Sharon aveva ragione e ha saputo cambiare, i suoi critici sono pronti a riconoscere di aver sbagliato?
è la guerra al terrorismo che rende possibili le attuali speranze di pace
Testata: Il Foglio
Data: 13/01/2005
Pagina: 3
Autore: un giornalista
Titolo: Il paradosso morale di Sharon
IL FOGLIO di giovedì 13 gennaio 2005 pubblica un editoriale su Ariel Sharon, "l'uomo nero dei benpensanti di tutto il mondo" che "ora è il motore della pace".
Ecco l'articolo:

Ariel Sharon è al potere in Israele da
quattro anni.
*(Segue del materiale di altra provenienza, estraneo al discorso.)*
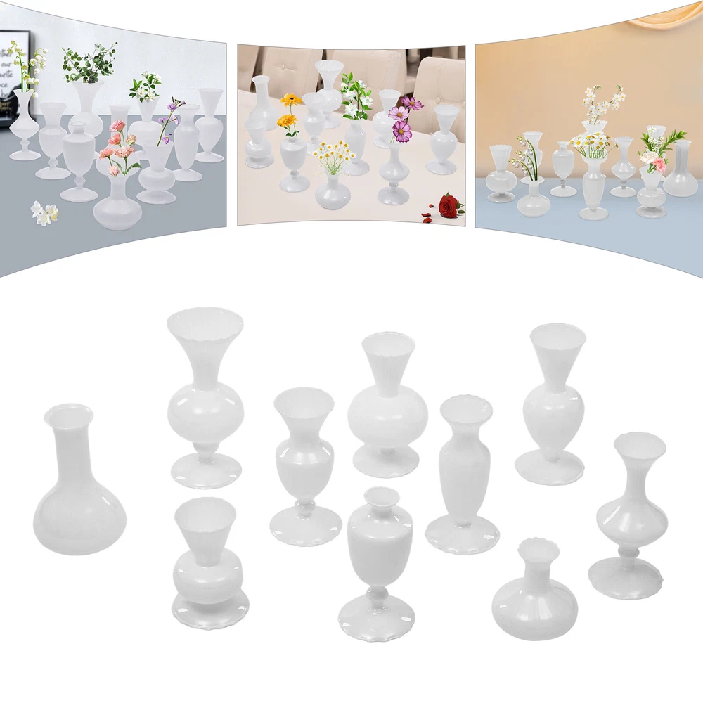 10PCS Glass Vases for Wedding and home Decorations, Small Glass Vases Sets Description Weddings, graduations, birthdays, etc. are all memorable events in our lives that will become our precious treasures. With this glass vases set, your wedding and other important events will be even more wonderful. Our vases are made of premium glass, so they can be used for a long time and accompany you through various stages. 10 different styles in sufficient quantity can meet your home decorating needs, adding a touch of elegance and beauty to your home. Key Features Build to Last: High-quality glass makes the product durable and solid, so it remains beautiful and practical for a longer time. Strong Stability: The solid material, reasonable structure, and stable base provide this item with a strong bearing capacity, so you can use it safely without worrying about the fracture. Diverse Styles: The 10 different shapes, sizes, and styles enrich your visual experience, create a personalized background, add brightness to a dull event, and become good home decoration. Wherever it is placed, it is a beautiful scenery. Nice Decorations: You can place this product at the top of the booth as an excellent decoration for special days, creating an elegant atmosphere, especially for weddings. You can also put it on the table to relax your mood. Even if it hasn’t artificial flowers on it, it is still a very elegant decoration! High Cost-effective: 10 Pcs allow you to use different items, such as flowers, artificial flowers, and vines, on other occasions to decorate them freely and repeatedly, promoting the unity of style and fully meeting your needs. Labor-saving Cleaning: The smooth surface and simple structure make it convenient for you to clean with a wet towel and water. Easy to Carry and Store: Its small size and lightweight(4.41 lbs) make it easy for you to store and carry them anywhere. Ideal Gift: With an attractive appearance, this product is used as a gift for family, friends, and lovers to make their home more atmospheric and festivals more meaningful. Protective Package: To prevent the product from being damaged and bumped during transportation, we packed it with foam and cartons to protect your products to the maximum extent possible. Details Round Corners: Compared with traditional square corners, an arc design can better care for your skin. Flared Mouth: The flared mouth of the vase is not only aesthetically pleasing but also makes it easier for you to insert flowers, artificial flowers, and other decorations. Application Match with artificial flowers and other items, this product can be used in homes, restaurants, terraces, coffee shops, hotels, balconies, bars, clubs, Spa, candlelight dinners, holiday dinners, weddings, the background decoration of the studio, as well as any other special activities you would like to decorate. Specification Color: White Style: Modern Material: Glass Assembly Required: No Mount Type: Free Standing Number of Items: 10 Product Size(D*H): 11*9.5cm/4.33*3.74in, 9*17cm/3.54*6.69in, 9*16.5cm/3.54*6.5in, 9*17.5cm/3.54*6.89in, 9*17.5cm/3.54*6.89in, 9*7cm/3.54*2.76in, 12*18.5cm/4.72*7.28in, 9*19cm/3.54*7.48in, 9.3*20cm/3.66*7.87in, 10*22cm/3.94*8.66in Net Weight: 2kg/4.41lbs Gross Weight: 2.3kg/5.07lbs Package Size: 55*45*15.5cm/21.65*17.72*6.1in Package Included 10* Glass Vases Notes Please note that flowers and other decorations are not included. Please use a soft cloth to clean and dry it. Please do not use harsh chemicals or abrasives. It is better to add some rocks or floral foam to the inside to make the item more stable. For better results, we recommend using a small bouquet. Please pay attention to the size details, it may be smaller than you expect. Please check the size of our vases before purchasing a bouquet to prevent buying a larger or smaller bouquet. Please allow the slight color difference caused by the shooting light and 1-3 cm error due to manual measurement, and make sure you do not mind before ordering. Payment Delivery details Terms of sales About us Contact us Payment We accept ebay payment 。 Fees such as import duties, taxes are not included in the item price or shipping costs. These charges are the buyer's responsibility. Delivery details Shipping: 2-9 working days to: USA Terms of sales We maintain high standards of excellence and strive for hundred percent customer satisfaction. Feedback is very important to us. We hope that you contact us immediately before you give neutral or negative feedback, so that we can address your concerns. It is impossible to address issues if we do not know about them! About us Your satis faction is our ultimate goal. We work hard to earn your trust and future business. Our certified technicians have tested each item before shipping. The unit comes with 1 year limited warranty on all manufacturing defects. a) If you receive a defective item, you may return it or ask for a discount. Please contact us within 14 days after you receive the package. b) What you returned must be intact and in its original packaging as re? u. Customer is responsible for shipping costs of the returned item. c) We will cover the cost of shipping back t with the shipping rate indicated in the registration page. We will send you a new unit or refund the full payment you paid. Thank you. Contact us Business Hour Business Hour: Monday To Friday: 8:30 AM to 5:00 PM (Beijing China time) Due to time zones, our reply to your questions may not be immediately. But within above working time, we will reply your email within 24 hours. If it's non-workdays, please kindly be patient and wait till Monday. Please contact us with ebay message. Please feel free to contact us if you have any questions. Monday To Friday: 8:30 AM to 5:00 PM (Beijing China time) Due to time zones, our reply to your questions may not be immediately. But within above working time, we will reply your email within 24 hours. If it's non-workdays, please kindly be patient and wait till 
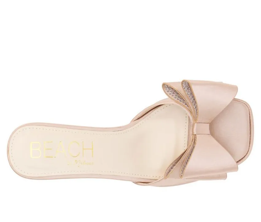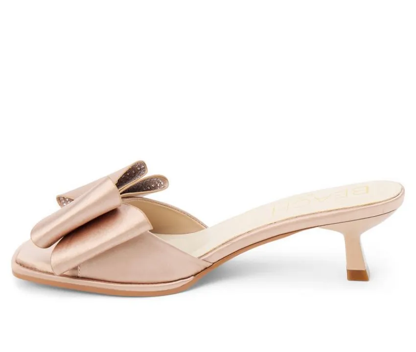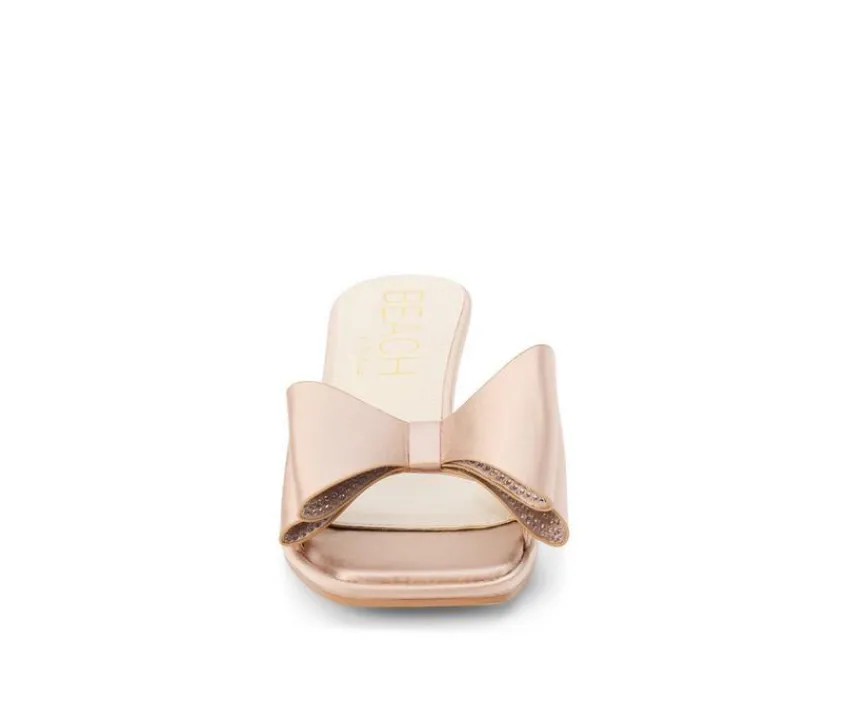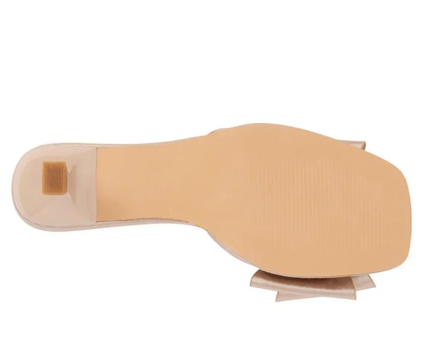Turn heads with every step in this playful yet elegant heeled sandal designed to add flair to dressy outfits. Featuring an oversized bow accent and open-toe silhouette, this style blends charm and sophistication in all the right ways. The sleek synthetic upper and slip-on design offer both ease and a streamlined look, while the sculpted kitten heel provides just enough lift for special occasions or stylish nights out. It’s a standout piece that’s equal parts fun and fashion-forward.

Ha affrontato il terrorismo
con la repressione, ha dispiegato
la forza armata nei territori, ha ucciso i
capi delle organizzazioni fondamentaliste
dovunque si trovassero, ha distrutto
una per una le case d’origine dei militanti
che si erano fatti esplodere tra i civili
in Israele, ha imprigionato Arafat in
un clamoroso esilio interno sotto gli occhi
costernati dell’opinione internazionale,
ha costruito un muro o barriera di
protezione per la lunghezza di seicento
kilometri nonostante le condanne dell’Onu
e della Corte dell’Aja, ha sostenuto
la guerra in Iraq e la cacciata di Saddam
Hussein, finanziatore dell’intifada
Al Aksa. Oggi Sharon è a capo di un governo
di unità nazionale con i laburisti
di Shimon Peres, dopo aver sfidato avventurosamente
il suo partito, gli alleati
e il Parlamento, e dopo avere spaccato
l’opinione pubblica del suo paese intorno
a un piano di ritiro degli insediamenti
ebraici dalla striscia di Gaza e da
alcune parti della Cisgiordania. Oggi
Sharon porta come risultato il decremento
del 90 per cento delle attività terroristiche,
un clima di tregua armata
che per quella regione significa vita,
speranza, liberazione dalla paura e dall’orrore.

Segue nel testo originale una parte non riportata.